— EXTRACTED DATA —

--------------------

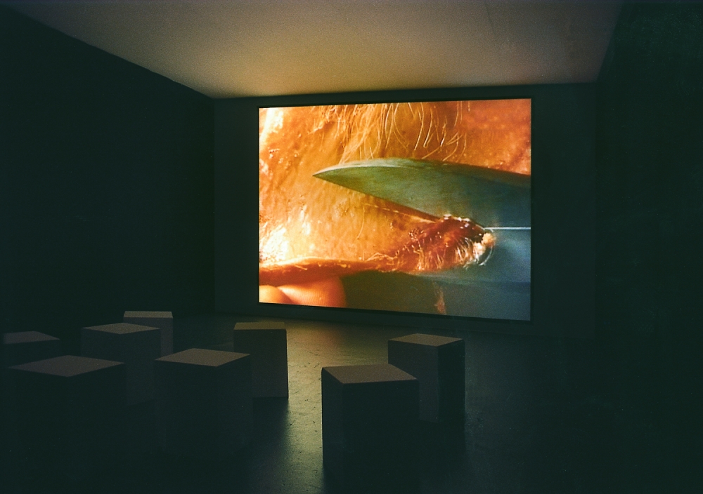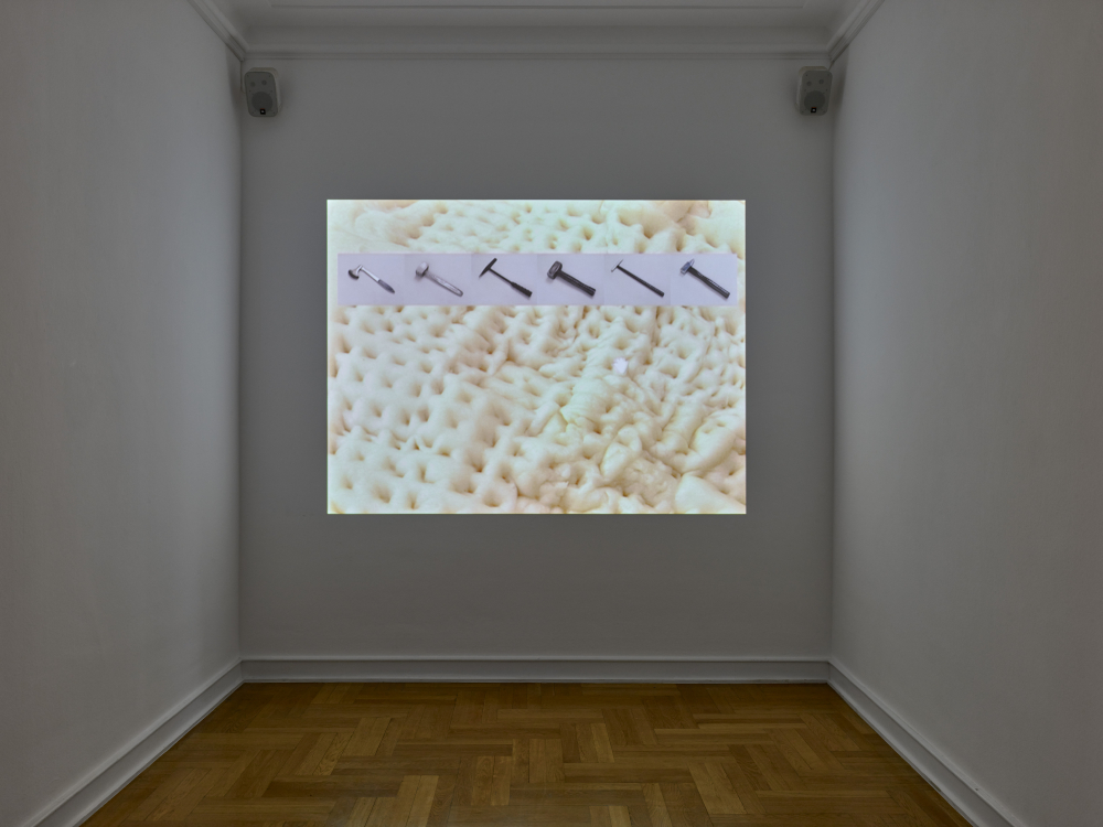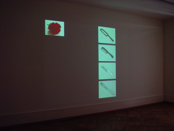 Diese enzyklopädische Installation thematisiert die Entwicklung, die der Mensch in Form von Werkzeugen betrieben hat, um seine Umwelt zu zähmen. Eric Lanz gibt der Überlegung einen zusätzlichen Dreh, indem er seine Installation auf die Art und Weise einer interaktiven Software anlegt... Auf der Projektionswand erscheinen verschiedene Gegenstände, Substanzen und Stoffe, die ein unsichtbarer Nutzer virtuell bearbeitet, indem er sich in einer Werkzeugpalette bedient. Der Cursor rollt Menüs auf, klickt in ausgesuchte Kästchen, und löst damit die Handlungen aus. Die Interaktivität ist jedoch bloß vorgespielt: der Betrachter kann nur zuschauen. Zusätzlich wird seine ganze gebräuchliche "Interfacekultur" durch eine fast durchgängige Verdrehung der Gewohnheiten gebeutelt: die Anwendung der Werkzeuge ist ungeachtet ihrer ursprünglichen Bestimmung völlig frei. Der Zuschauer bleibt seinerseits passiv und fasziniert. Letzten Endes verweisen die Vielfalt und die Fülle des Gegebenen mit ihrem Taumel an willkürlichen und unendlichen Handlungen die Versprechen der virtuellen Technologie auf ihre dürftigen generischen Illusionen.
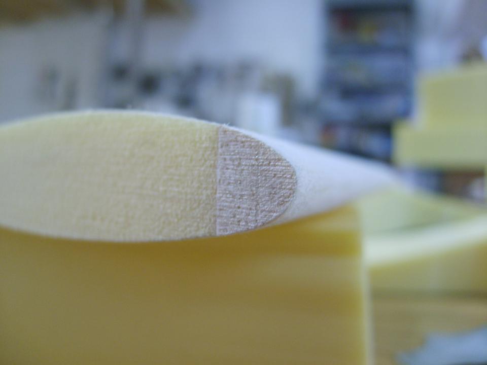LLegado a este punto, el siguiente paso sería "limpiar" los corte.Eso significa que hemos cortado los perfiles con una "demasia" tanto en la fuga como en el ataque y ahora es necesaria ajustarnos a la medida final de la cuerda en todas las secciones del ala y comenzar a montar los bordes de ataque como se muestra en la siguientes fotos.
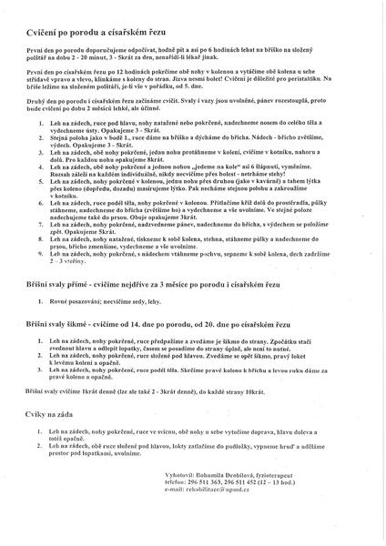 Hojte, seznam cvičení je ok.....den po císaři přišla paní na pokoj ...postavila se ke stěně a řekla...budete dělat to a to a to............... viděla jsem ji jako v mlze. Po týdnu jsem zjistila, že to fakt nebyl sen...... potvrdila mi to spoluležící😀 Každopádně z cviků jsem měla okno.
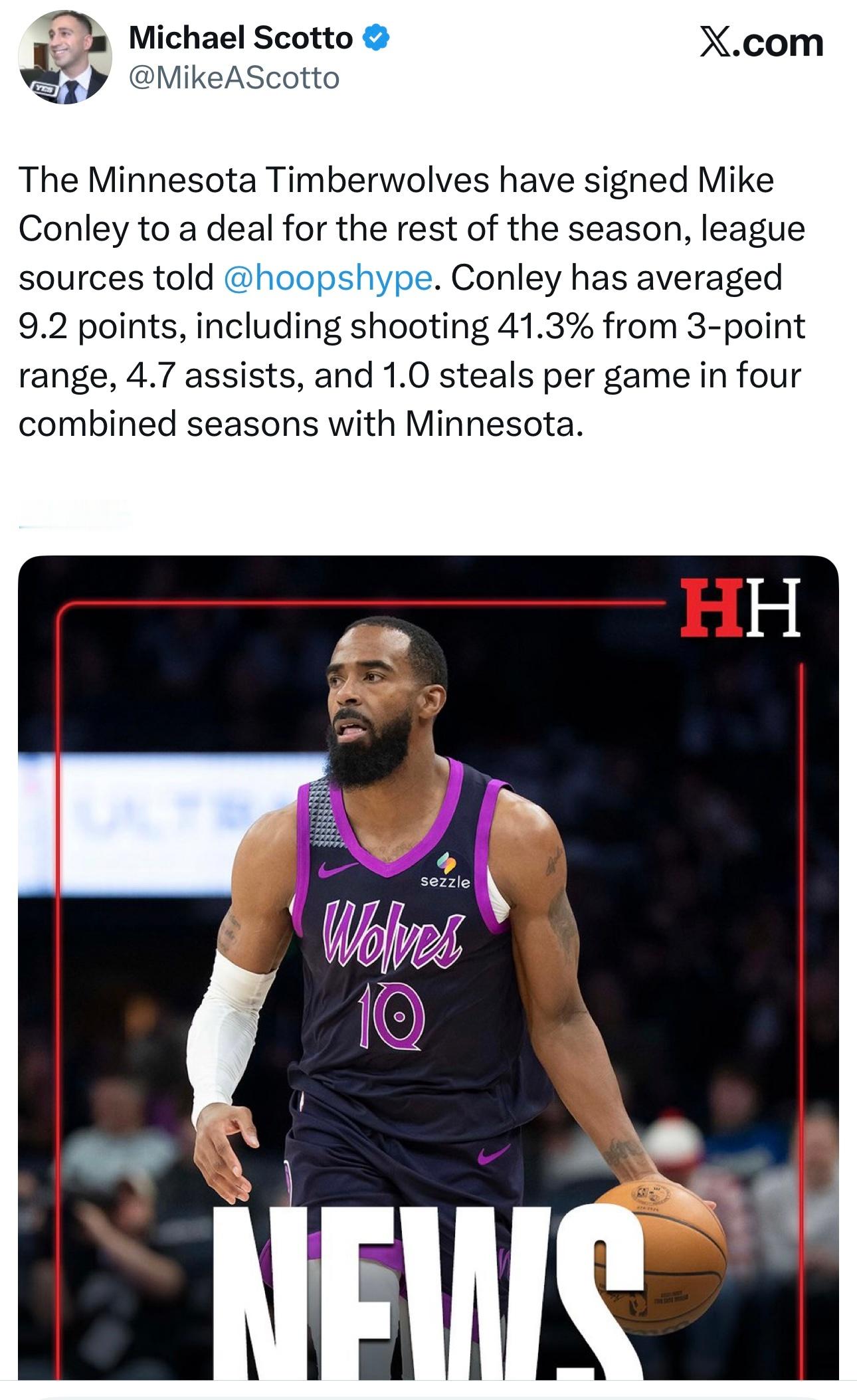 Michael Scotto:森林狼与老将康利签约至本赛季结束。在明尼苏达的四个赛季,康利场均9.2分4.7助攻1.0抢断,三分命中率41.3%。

--------------------

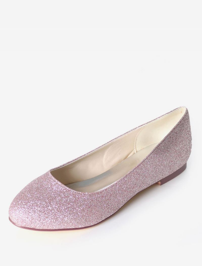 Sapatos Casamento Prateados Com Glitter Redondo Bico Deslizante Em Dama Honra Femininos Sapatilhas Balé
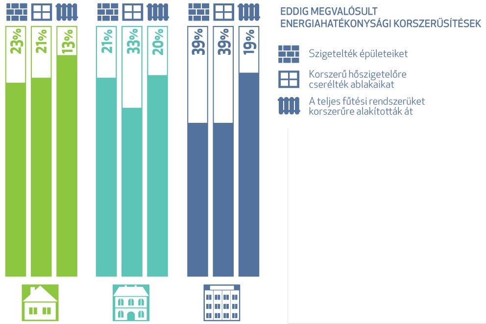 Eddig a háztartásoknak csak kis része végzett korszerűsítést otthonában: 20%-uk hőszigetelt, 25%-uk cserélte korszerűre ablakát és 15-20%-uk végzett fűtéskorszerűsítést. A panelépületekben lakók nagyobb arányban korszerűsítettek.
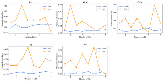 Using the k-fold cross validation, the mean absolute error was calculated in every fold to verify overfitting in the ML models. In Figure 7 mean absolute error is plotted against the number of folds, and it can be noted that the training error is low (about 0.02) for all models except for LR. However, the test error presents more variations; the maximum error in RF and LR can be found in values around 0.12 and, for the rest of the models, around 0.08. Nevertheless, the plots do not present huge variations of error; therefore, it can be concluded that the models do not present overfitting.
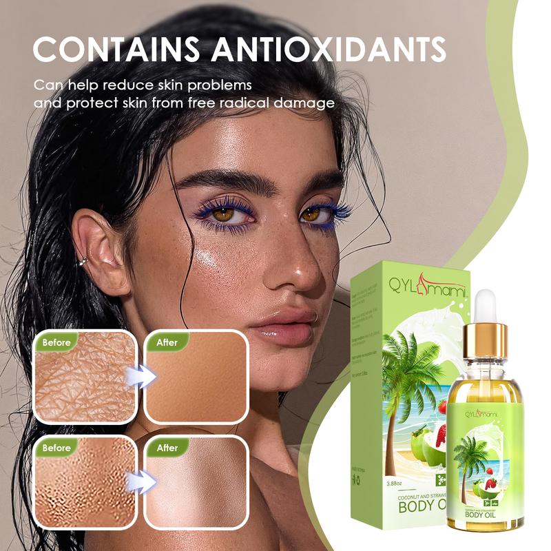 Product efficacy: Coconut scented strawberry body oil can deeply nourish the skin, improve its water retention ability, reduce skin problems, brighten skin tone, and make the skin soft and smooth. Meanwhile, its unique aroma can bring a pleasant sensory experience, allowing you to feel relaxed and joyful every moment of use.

--------------------

— EXERCISE INSTRUCTIONS —
Write out exactly the run of lines above that starts at the line containing "Hojte, seznam cvičení" and ends at the line containing "Michael Scotto". Include both, and leave the pictures out.

— TASK RESULT —
 Hojte, seznam cvičení je ok.....den po císaři přišla paní na pokoj ...postavila se ke stěně a řekla...budete dělat to a to a to............... viděla jsem ji jako v mlze. Po týdnu jsem zjistila, že to fakt nebyl sen...... potvrdila mi to spoluležící😀 Každopádně z cviků jsem měla okno.
 Michael Scotto:森林狼与老将康利签约至本赛季结束。在明尼苏达的四个赛季,康利场均9.2分4.7助攻1.0抢断,三分命中率41.3%。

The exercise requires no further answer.